When Elise and I returned to Sabrina several guys on their boats started applauding - quietly. Whoa. Like burning medical waste by the beach made us some kind of heros! We jumped onto Sabrina, and grinning Ron met us in the companionway.

"Way to go, sport! Wish I'd had a video of that action - I could make some real money selling shit like that."

I looked blankly at him. "What?"

Jeez, Sport, you were right there," he said pointing to a spot about 50 yards away where smoke still rose from the little fireplace. "Everybody in the fuckin' marina was watching you two go at it, and that security guard. That prick, you know, that fat one, hell, he must've jerked off five times!"

Poor Elise! I had no idea a human being could turn into a beet so quickly. She rolled her eyes and darted into the forepeak, slamming the door behind her.

"Fuckin-a, Sport, I've never seen anyone cum so much in my life. That ain't normal!"

"You could see us from here?" I asked, sullenly.

"Well, Sport. Binoculars helped!"

"And the horse you rode in on, Fuller," I said as I walked forward, following in Elise's smoking vapor trail.

+++++

We slept until noon. In the raging humidity it felt like we were glued together, only now I could hear a fairly strong wind whistling through the rigging. Sabrina was rocking noticeably now, as well.

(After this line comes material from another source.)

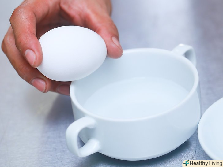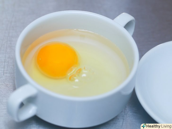 Розбийте яйце в кухоль .стукніть один або два рази яйце об край гуртки, щоб розбити шкаралупу. При цьому будьте обережні - не пошкодити жовток. Розкрийте половинки шкаралупи, обережно випустивши яйце в кухоль з водою.

I felt her hand reach over my waist, slip to my cock, and she rubbed it slowly. I turned to face her, but she pushed me back down and slid up over my groin and placed my cock on her smooth, moist slit, then she sat down on me slowly -- again. She let it stand there in the warmth for a moment, then she started gripping it with her vaginal muscles. She was all very smooth now, very rhythmic, and her intent unmistakable: she was jacking my cock off with her vagina, and not moving her body at all! I was shocked! Never in my life had I heard of anyone doing this, except, of course, in Paris. She looked down in silent majesty, her eyes closed, a sly grin on her face, lost in her control of my desire.

She continued to do this gentle milking motion, maintaining a steady pace for several minutes.

I felt every nerve in my body firing simultaneously, building with an incredible, blinding intensity. Her body remained still - and totally silent - yet her inner muscles kept their steady gripping impulses streaming upward, ever locked to my cock, and I could feel every molecule, every atom inside my head blazing with unexpected sensitivity. There was no motion to interfere with this most pure form of sensation; the gripping motion started at the base of my cock and slowly moved up to the tip, then released and started again. Relentlessly.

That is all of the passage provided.